=== Exercise ===
Everything in the records below from the line containing "Вакцины безопасны, поскольку" through the line containing "グラデーション Tシャツ メンズ" is to be reproduced exactly, those two lines included; no picture is to be copied.

=== Data records ===
-- Opening Marker --

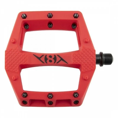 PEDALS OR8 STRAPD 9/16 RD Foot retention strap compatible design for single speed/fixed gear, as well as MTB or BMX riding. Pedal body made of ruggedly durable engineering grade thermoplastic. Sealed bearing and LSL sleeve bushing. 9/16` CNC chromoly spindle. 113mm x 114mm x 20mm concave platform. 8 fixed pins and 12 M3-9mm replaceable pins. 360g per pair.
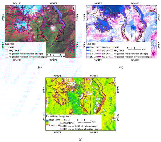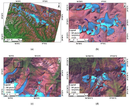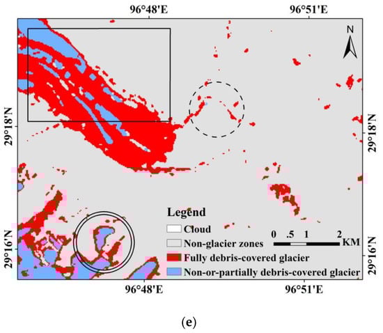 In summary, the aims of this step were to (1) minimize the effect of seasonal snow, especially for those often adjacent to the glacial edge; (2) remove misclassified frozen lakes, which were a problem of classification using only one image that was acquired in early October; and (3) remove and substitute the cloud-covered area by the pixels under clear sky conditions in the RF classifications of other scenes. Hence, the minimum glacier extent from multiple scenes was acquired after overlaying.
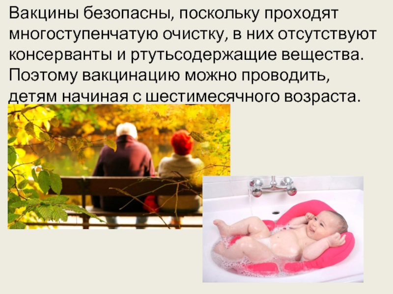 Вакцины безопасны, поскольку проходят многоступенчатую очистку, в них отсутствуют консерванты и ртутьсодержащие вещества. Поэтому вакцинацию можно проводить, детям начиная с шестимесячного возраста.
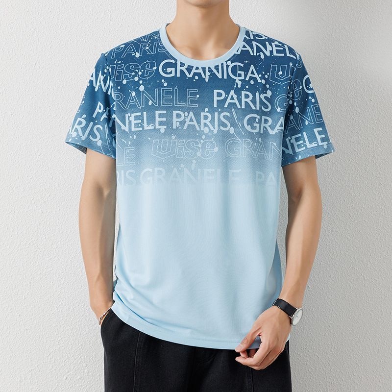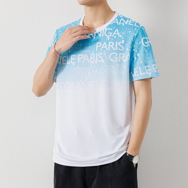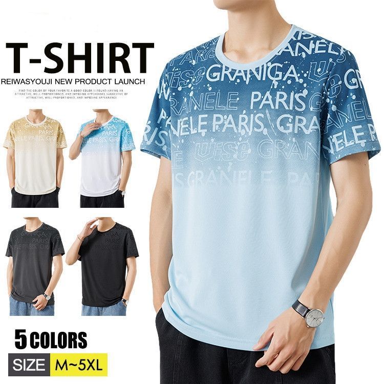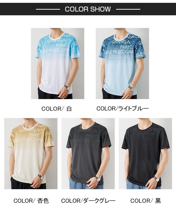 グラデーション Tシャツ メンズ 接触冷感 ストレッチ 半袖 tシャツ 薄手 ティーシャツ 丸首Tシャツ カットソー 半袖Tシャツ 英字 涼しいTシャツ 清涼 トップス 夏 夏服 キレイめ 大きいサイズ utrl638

-- Closing Marker --
-- Opening Marker --

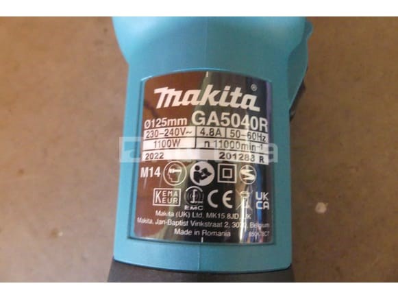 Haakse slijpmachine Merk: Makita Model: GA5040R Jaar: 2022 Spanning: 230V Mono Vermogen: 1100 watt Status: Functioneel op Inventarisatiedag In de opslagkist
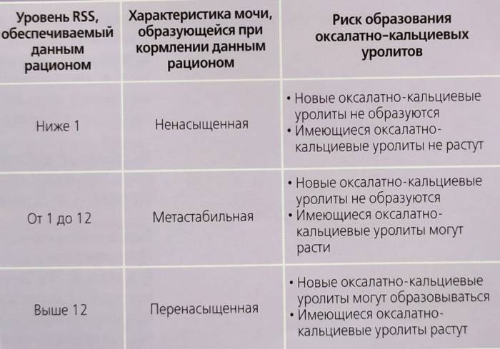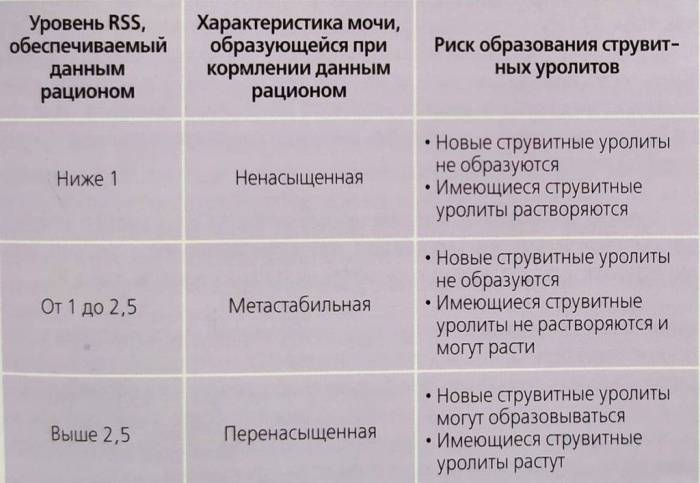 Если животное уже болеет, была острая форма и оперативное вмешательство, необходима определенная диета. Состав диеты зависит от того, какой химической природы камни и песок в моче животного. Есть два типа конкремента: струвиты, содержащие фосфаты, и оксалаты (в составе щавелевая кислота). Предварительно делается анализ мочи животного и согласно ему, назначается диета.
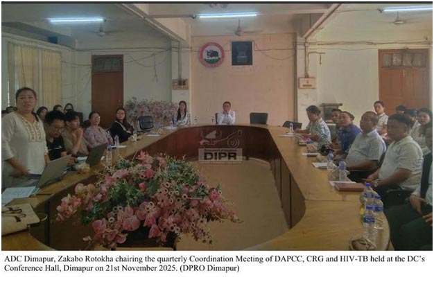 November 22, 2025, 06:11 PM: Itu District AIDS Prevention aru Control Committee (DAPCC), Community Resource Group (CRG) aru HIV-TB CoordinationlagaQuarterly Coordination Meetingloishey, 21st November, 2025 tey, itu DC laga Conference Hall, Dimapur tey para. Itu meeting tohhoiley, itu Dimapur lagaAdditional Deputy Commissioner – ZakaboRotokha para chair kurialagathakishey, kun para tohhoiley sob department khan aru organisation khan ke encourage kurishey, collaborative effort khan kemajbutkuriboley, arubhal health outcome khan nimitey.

-- Closing Marker --
-- Opening Marker --

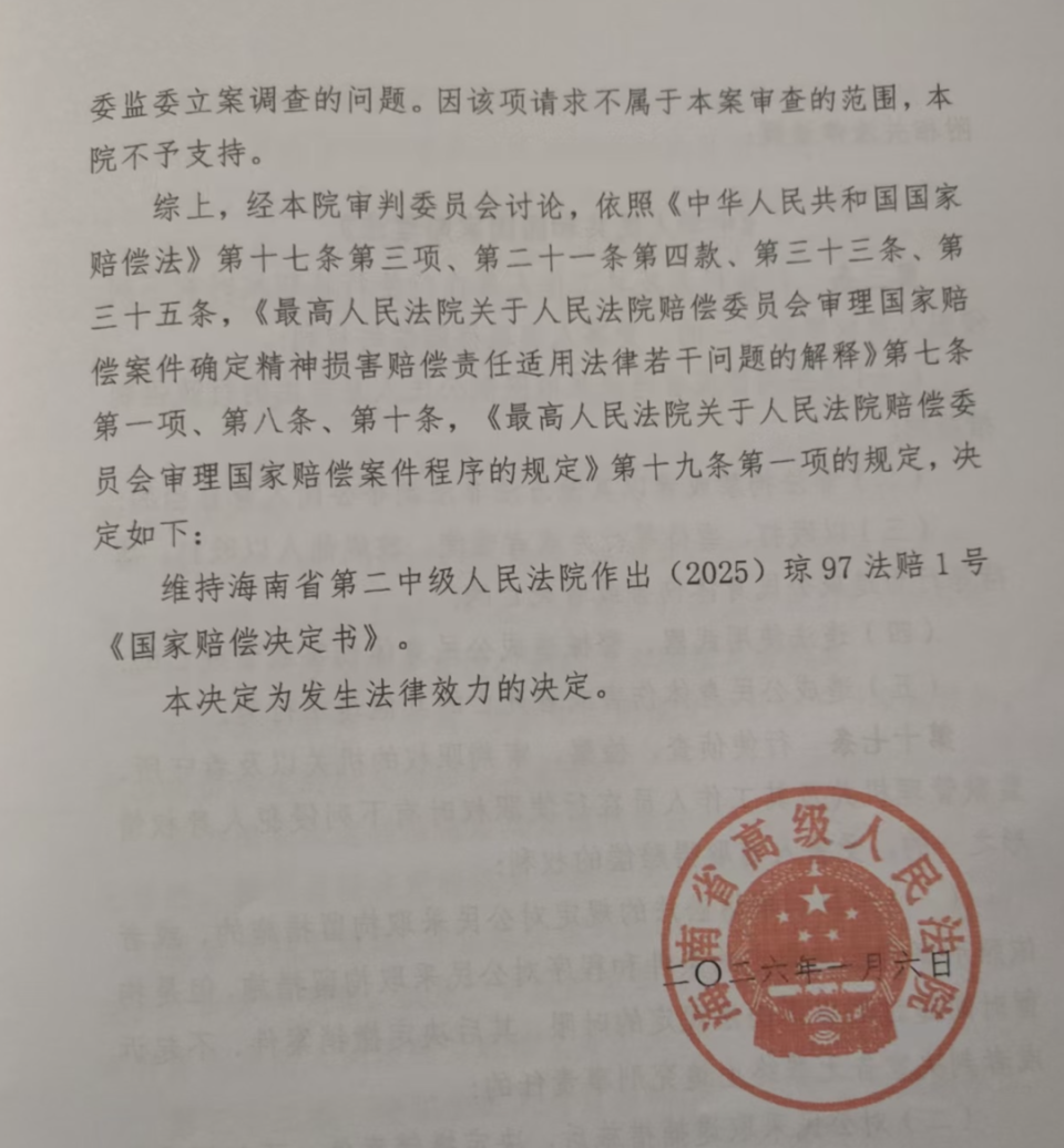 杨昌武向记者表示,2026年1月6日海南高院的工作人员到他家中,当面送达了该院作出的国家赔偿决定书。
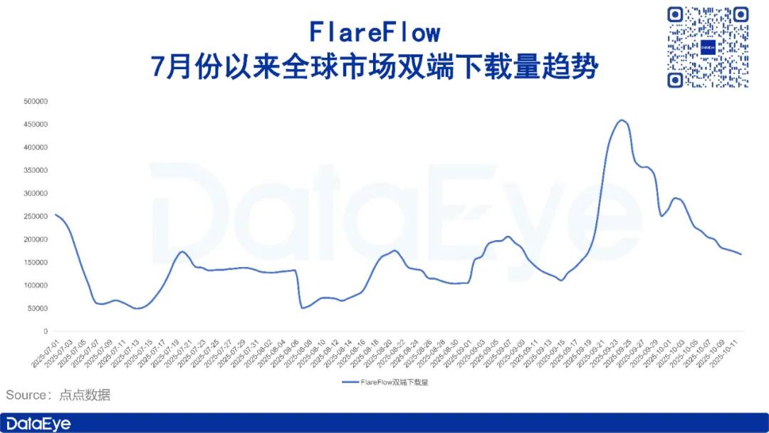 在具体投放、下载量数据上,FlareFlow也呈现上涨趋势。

-- Closing Marker --

=== Written solution ===
 Вакцины безопасны, поскольку проходят многоступенчатую очистку, в них отсутствуют консерванты и ртутьсодержащие вещества. Поэтому вакцинацию можно проводить, детям начиная с шестимесячного возраста.
 グラデーション Tシャツ メンズ 接触冷感 ストレッチ 半袖 tシャツ 薄手 ティーシャツ 丸首Tシャツ カットソー 半袖Tシャツ 英字 涼しいTシャツ 清涼 トップス 夏 夏服 キレイめ 大きいサイズ utrl638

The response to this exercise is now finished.